Thirty years is an eyetwitch once you’re measuring your age in millennia, but Longinus can’t believe he almost missed the window. They’re only doing two more of these.

He contemplated a number of ways of getting aboard, even the traditional qualification, but math always made him go soft. Folded instead into a tiny crate labelled BRINE SHRIMP, he wonders if this compartment is even vacuum-sealed. But what’s it going to do? Kill him?

Endeavor begins to tremble on the pad and, for all his cynicism, he’s excited. Cursed to walk the earth forever. Yeah, well.

One way to fix that.

Longinus

There are two Legions VI for a while, one under Octavian, the other under Mark Antony: one carries the epithet Ferrata, the other Victrix. Victrix ends up kicking the shit out of Ferrata at Actium, so in retrospect that’s pretty apt.

Longinus only joins the remains of Ferrata a few decades thereafter, when their brass bulls have been knocked around, their she-wolves tarnished. Mostly they repeat cruel jokes about Herod, tell war stories and dice. He doesn’t care. He’s young, strong and ironclad, eager for his glory days, ready to grind the heathen under the wheels of blood and summer.

Simon bar Kokhba

“Fear not, citizen,” declares Simon bar Kokhba when they bring the mutilated man before him. “Though your attackers have taken speech and writing from you, yea, they will be found–for you can still answer yes or no!”

The man nods weakly.

“First–were they Israelites?”

He shakes his head.

“Foreigners,” spits the prince. “Armed with knife or sword?”

The man hesitates.

“Oh, right. Nod once for a knife, twice for a sword.”

He nods twice.

“Cool,” says Simon bar Kokhba. “Wait. Was that just one nod with two motions?”

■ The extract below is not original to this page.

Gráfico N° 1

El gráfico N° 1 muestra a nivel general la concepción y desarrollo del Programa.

Longinus resigns himself to just growing his hands and tongue back.

HeLa

HeLa is everywhere: stealthy and tenacious, hungry, a laboratory weed that has ruined more than one career by eating lesser cancers alive. Longinus is everywhere too, though closer in age and lineage (he suspects) to the transmissible tumors found on the genitals of dogs.

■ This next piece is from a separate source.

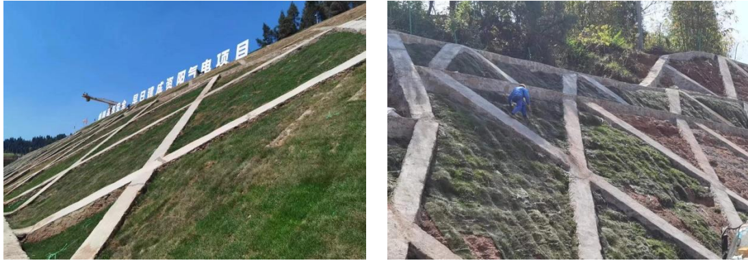
图1-7 边坡浆砌石护坡施工情况

Sometimes he fakes research credentials just to get into labs and contaminate their petri gel. Here, he thinks, poking his dirty finger first in HeLa, then in or YAA or Tsugane or EB33. Have a nice forever! He can almost see why the old bastard gets off on it, this touch of life, this infliction of immortality.

Longinus

Iram is one of the first places he finds himself, seventy years into it, while he still considers the whole thing a lark. Such is his confidence in his own cynicism that he smirks knowingly to find that the “City of a Thousand Pillars” has, like, fifty-eight.

Everything smells like frankincense and camel dung. Some of the merchants try to pass off one as the other.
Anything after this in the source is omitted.